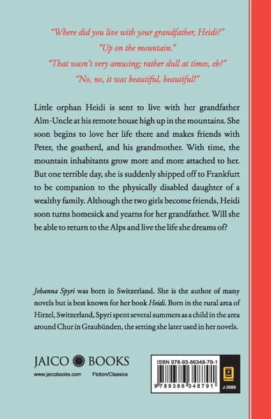 "Where did you live with your grandfather, Heidi?" "Up on the mountain." "That wasn't very amusing; rather dull at times, eh?" "No, no, it was beautiful, beautiful!" Little orphan Heidi is sent to live with her grandfather Alm-Uncle at his remote house high up in the mountains. She soon begins to love her life there and makes friends with Peter, the goatherd, and his grandmother. With time, the mountain inhabitants grow more and more attached to her. But one terrible day, she is suddenly shipped off to Frankfurt to be companion to the physically disabled daughter of a wealthy family. Although the two girls become friends, Heidi soon turns homesick and yearns for her grandfather. Will she be able to return to the Alps and live the life she dreams of? Johanna Spyri was born in Switzerland. She is the author of many novels but is best known for her book Heidi. Born in the rural area of Hirzel, Switzerland, Spyri spent several summers as a child in the area around Chur in Graubünden, the setting she later used in her novels.
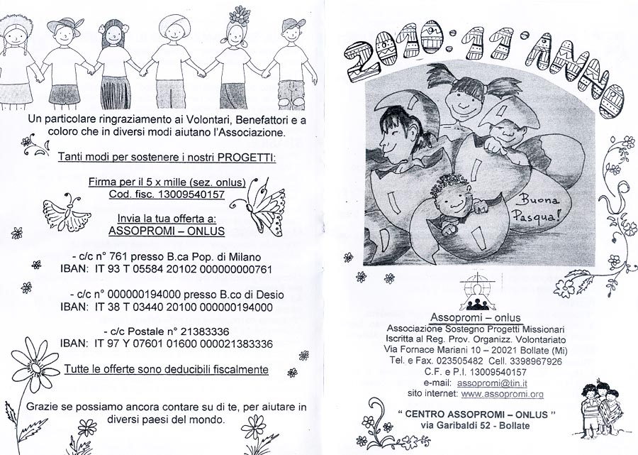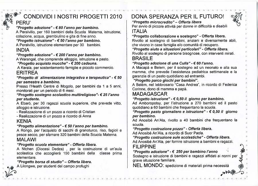 Chi siamo...     Dalle missioni     Suor Paola     Progetti     Attività     Per contribuire...     Link utili     Riconoscimenti     Interventi Diretti
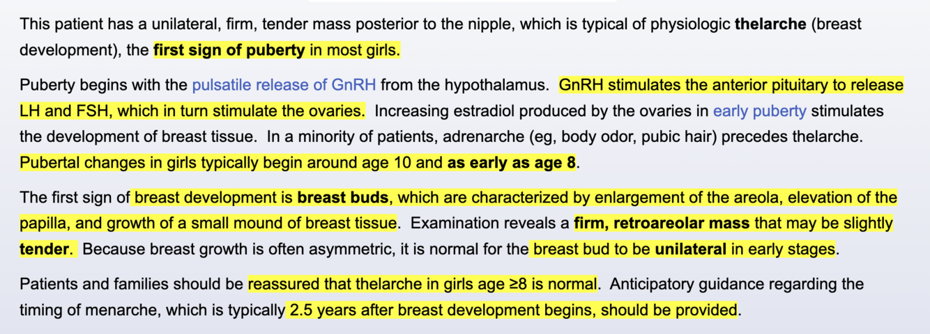 Unilateral, firm, tender mass posterior to the nipple – Thelarche (Development of breast bud)
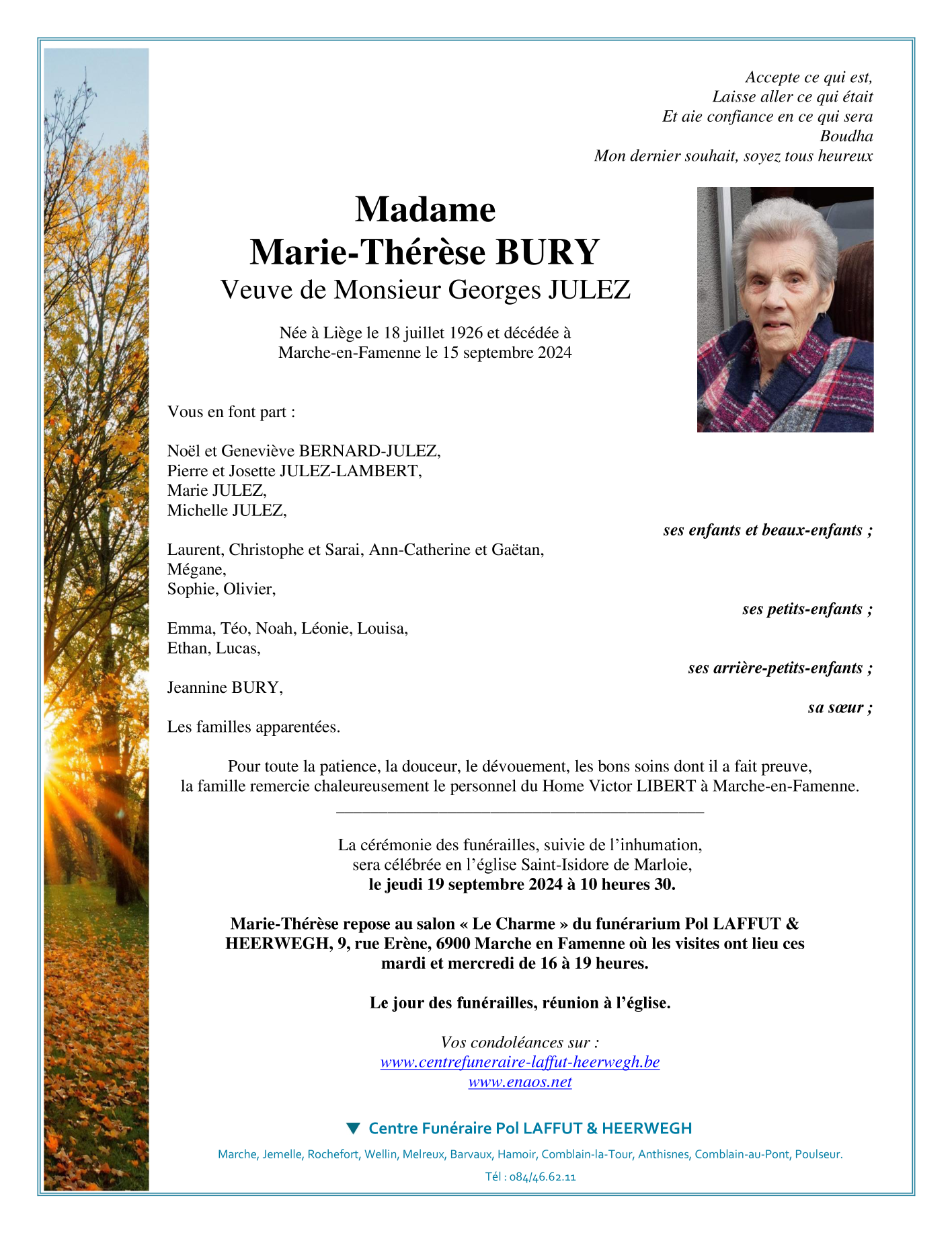 Overleden te Marche-en-Famenne (6900) op zondag 15 september 2024 op 98-jarige leeftijd
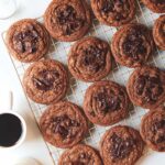 Transfer the baking sheet onto a cooling rack and immediately press a few chunks of dark chocolate over each hot cookie and sprinkle with sea salt
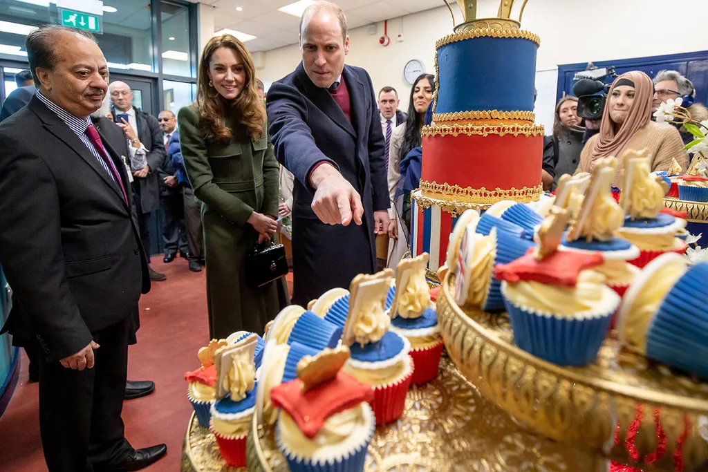 The couple visited the Khidmat Centres where they were shown an impressive cake and cupcakes which featured photographs of the royal couple – all edible – throughout important milestones in their lives including their engagement, wedding and the birth of their three children.
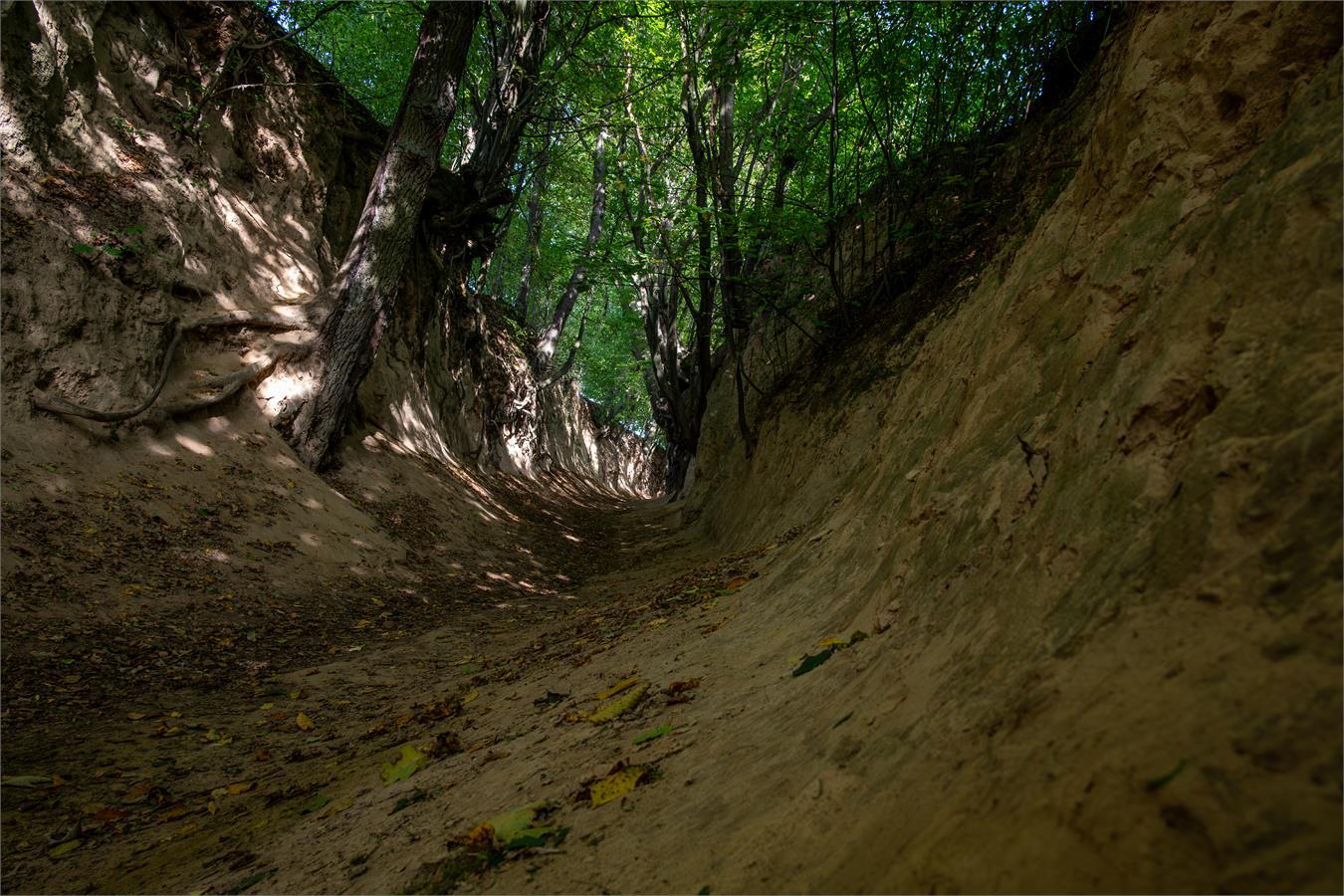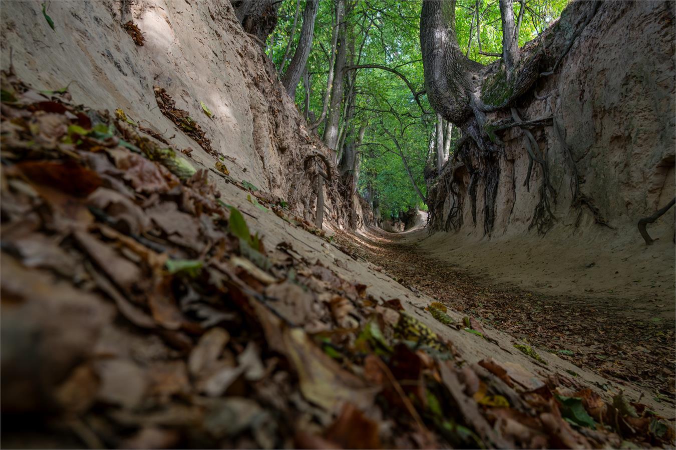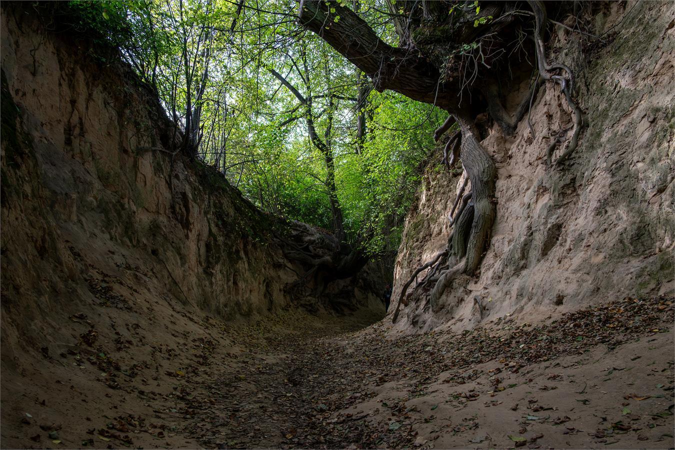 Idę do Wąwozu Korzeniowego Dołu i nagle zmienia się skala. Ściany wyrastają na kilka metrów, korzenie zwisają jak rzeźby, a światło wpada w nieregularnych pasmach. To nie jest tylko natura. Setki lat temu wozy wyjeżdżały tędy z miasta, rozcinając miękki less. Deszcz pogłębiał koleiny, a czas robił resztę. Każdy przejazd zostawiał ślad. Dziś widać efekt pracy ludzi i przyrody działających razem przez pokolenia.

• INSTRUCTIONS TO FOLLOW:
Repeat the records above exactly, leaving out any pictures they contain.

• OUTPUT OF THE EXERCISE:
 "Where did you live with your grandfather, Heidi?" "Up on the mountain." "That wasn't very amusing; rather dull at times, eh?" "No, no, it was beautiful, beautiful!" Little orphan Heidi is sent to live with her grandfather Alm-Uncle at his remote house high up in the mountains. She soon begins to love her life there and makes friends with Peter, the goatherd, and his grandmother. With time, the mountain inhabitants grow more and more attached to her. But one terrible day, she is suddenly shipped off to Frankfurt to be companion to the physically disabled daughter of a wealthy family. Although the two girls become friends, Heidi soon turns homesick and yearns for her grandfather. Will she be able to return to the Alps and live the life she dreams of? Johanna Spyri was born in Switzerland. She is the author of many novels but is best known for her book Heidi. Born in the rural area of Hirzel, Switzerland, Spyri spent several summers as a child in the area around Chur in Graubünden, the setting she later used in her novels.
 Chi siamo...     Dalle missioni     Suor Paola     Progetti     Attività     Per contribuire...     Link utili     Riconoscimenti     Interventi Diretti
 Unilateral, firm, tender mass posterior to the nipple – Thelarche (Development of breast bud)
 Overleden te Marche-en-Famenne (6900) op zondag 15 september 2024 op 98-jarige leeftijd
 Transfer the baking sheet onto a cooling rack and immediately press a few chunks of dark chocolate over each hot cookie and sprinkle with sea salt
 The couple visited the Khidmat Centres where they were shown an impressive cake and cupcakes which featured photographs of the royal couple – all edible – throughout important milestones in their lives including their engagement, wedding and the birth of their three children.
 Idę do Wąwozu Korzeniowego Dołu i nagle zmienia się skala. Ściany wyrastają na kilka metrów, korzenie zwisają jak rzeźby, a światło wpada w nieregularnych pasmach. To nie jest tylko natura. Setki lat temu wozy wyjeżdżały tędy z miasta, rozcinając miękki less. Deszcz pogłębiał koleiny, a czas robił resztę. Każdy przejazd zostawiał ślad. Dziś widać efekt pracy ludzi i przyrody działających razem przez pokolenia.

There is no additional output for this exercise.